Sur Exode 32,1-6 . 15-34
Le dévoiement : le péché

Ysabel de Andia
La voie et le voyageur, p. 141-142

Un événement déroute ou dévoie l’homme et brouille l’image et la ressemblance, c’est le moment où l’homme se détourne de Dieu par la désobéissance à sa volonté, se faisant le principe et la fin de lui-même, et, par cette orgueilleuse exaltation de soi, perdant le chemin vers Dieu et le chemin vers son propre cœur. Le péché ternit la ressemblance de l’homme, avec Dieu, et l’homme, coupé de sa source, entre dans la région de la dissemblance où il perd ses repères et ne se retrouve plus lui-même.

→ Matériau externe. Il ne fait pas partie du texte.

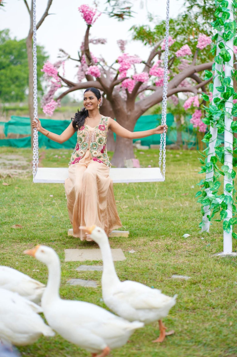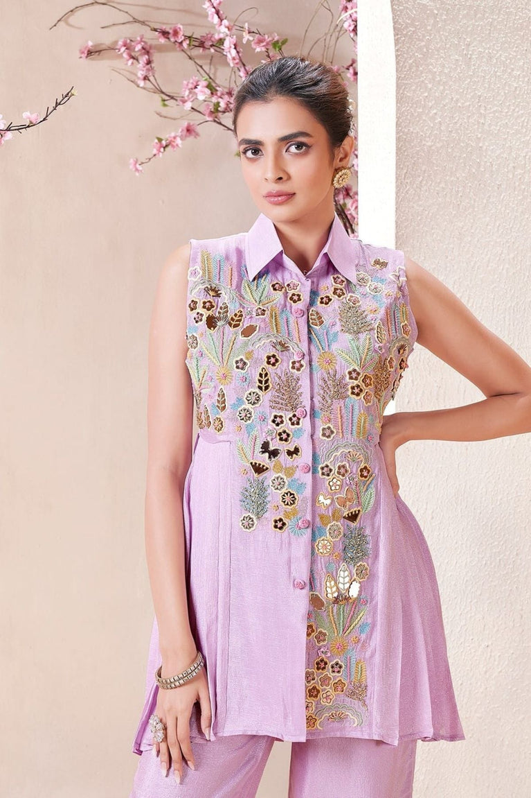 This designer Indo-western outfit features a multicolor embroidered short kurta paired with flared pants. The playful silhouette, vibrant detailing, and modern cut make it perfect for mehendi functions, festive gatherings, or intimate celebrations.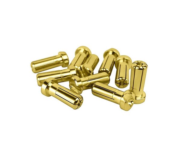 Mit den 1upRacing 4mm Goldsteckern ist der perfekte Stromfluss gesichert. Die Stecker haben einen flachen Kopf (2mm hoch) und eine extra Aussparung zum Anlöten des Powerkabels. Die Stecker sind 15mm lang und passen auch in die aktuellen ULCG Akkus hinein!

Ce qui distingue la faute du péché, c’est la référence à Dieu : Contre toi et toi seul j’ai péché, ce qui est mal à tes yeux, je l’ai fait. C’est face à Dieu que le péché prend son sens et sa gravité, car la grandeur du péché est due à la grandeur de l’offensé. Certes l’obscurcissement du sens du péché vient de l’effacement du sens de Dieu ; mais l’insensé ou l’impie n’efface pas son péché en niant l’existence de Dieu ou sa puissance. L’impie se loue des désirs de son âme, l’homme avide qui bénit méprise le Seigneur, l’impie arrogant ne cherche point : Pas de honte !, voilà toute sa pensée. Bien plus, la voix du péché se substitue à la parole de Dieu : C’est un oracle pour l’impie que le péché au fond de son cœur, point de criante de Dieu devant ses yeux.

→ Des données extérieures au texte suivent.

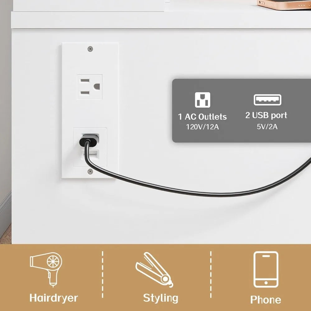 - Convenient Charging Station: Stay connected with a built-in charging station featuring two standard outlets, two USB ports, and a Type-C port, making it easy to charge your devices and power beauty tools.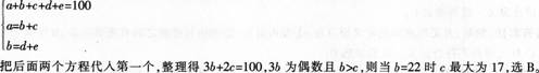 设一至五班种的棵数分别为a、b、c、d、e,则有a>b>c>d>e,且有: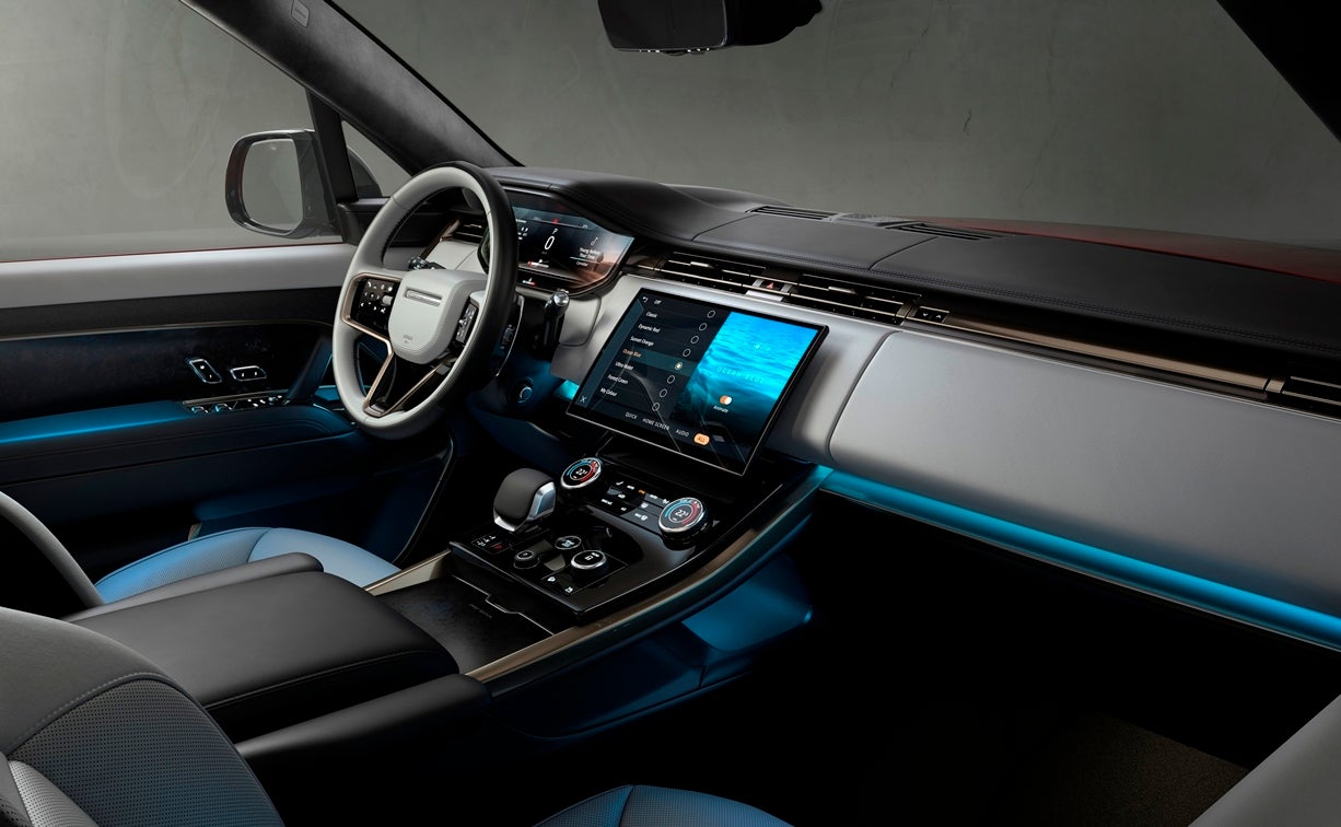 Η μινιμαλιστική σχεδίαση του νέου Range Rover Sport επεκτείνεται στο εντελώς νέο εσωτερικό, όπου κυριαρχούν η ηγετική θέση οδήγησης Command Driving Position – σήμα κατατεθέν του Range Rover – οι πιο πρόσφατες τεχνολογίες και τα καλύτερα. Η γκάμα καινοτόμων και βιώσιμων υλικών περιλαμβάνει απτικά και ελαφριά premium υφάσματα Ultrafabrics, ενώ διατίθεται και υφασμάτινη επένδυση που εκτείνεται μέχρι το ταμπλό και τις λεπτομέρειες θυρών.

L’homme n’est pas au-delà du bien et du mal, définissant par lui-même ce que sont le bien et le mal. La conscience du bien et du mal est inscrite dans son cœur, elle est universelle, même si ce qui est bien ou mal n’est pas le même pour tous. L’homme ne peut échapper à sa conscience, comme il ne peut échapper au regard de Dieu : Où m‘en aller pour être loin de ton souffle ? Où m’enfuir pour être loin de ta face ? Je gravis les cieux, te voici ! Je me couche aux enfers, te voilà !

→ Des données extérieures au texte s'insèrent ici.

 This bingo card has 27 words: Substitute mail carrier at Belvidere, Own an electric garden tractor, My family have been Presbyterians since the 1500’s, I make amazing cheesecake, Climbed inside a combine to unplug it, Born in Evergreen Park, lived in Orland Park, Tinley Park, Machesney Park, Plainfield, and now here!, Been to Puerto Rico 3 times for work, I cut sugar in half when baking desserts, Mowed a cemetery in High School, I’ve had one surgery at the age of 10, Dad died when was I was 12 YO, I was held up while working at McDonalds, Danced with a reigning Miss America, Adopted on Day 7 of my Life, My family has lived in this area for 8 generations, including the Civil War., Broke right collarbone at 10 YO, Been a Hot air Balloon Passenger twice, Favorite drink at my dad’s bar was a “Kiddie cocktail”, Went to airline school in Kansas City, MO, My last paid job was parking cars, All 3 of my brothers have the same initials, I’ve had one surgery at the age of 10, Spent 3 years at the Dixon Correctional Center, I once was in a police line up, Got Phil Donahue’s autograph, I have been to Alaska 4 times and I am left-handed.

Lorsque je commets un péché, je découvre que je suis pécheur : Vois, je suis pécheur dès le sein de ma mère. La mise à nu de mon être pécheur me renvoie à un péché originel implanté dès les origines, comme une racine dans mon humanité, un mal radical. C’est ici que la Bible jette la lumière de la révélation sur le mystère du mal, car il y a un mystère de l’impiété, selon saint Paul, comme il y a un mystère de la piété. Non seulement Dieu se révèle à l’homme, mais il révèle l’homme à lui-même en se révélant à lui. La Genèse fait le récit de la chute d’Adam après celui de sa création ; car l’homme est d’abord un être créé à l’image et à la ressemblance de Dieu avant de perdre sa ressemblance par le péché. Il est fils avant d’être pécheur, et sa filiation est plus profonde que son péché. C’est pourquoi, la conversion de l’homme à Dieu advient au moment où le fils prodigue se souvient du Père et veut retourner à la maison de Père, non comme fils, car il a conscience de sa faute, mais comme esclave : Père, j’ai péché contre le ciel est contre toi, je ne mérite plus d’être appelé ton fils.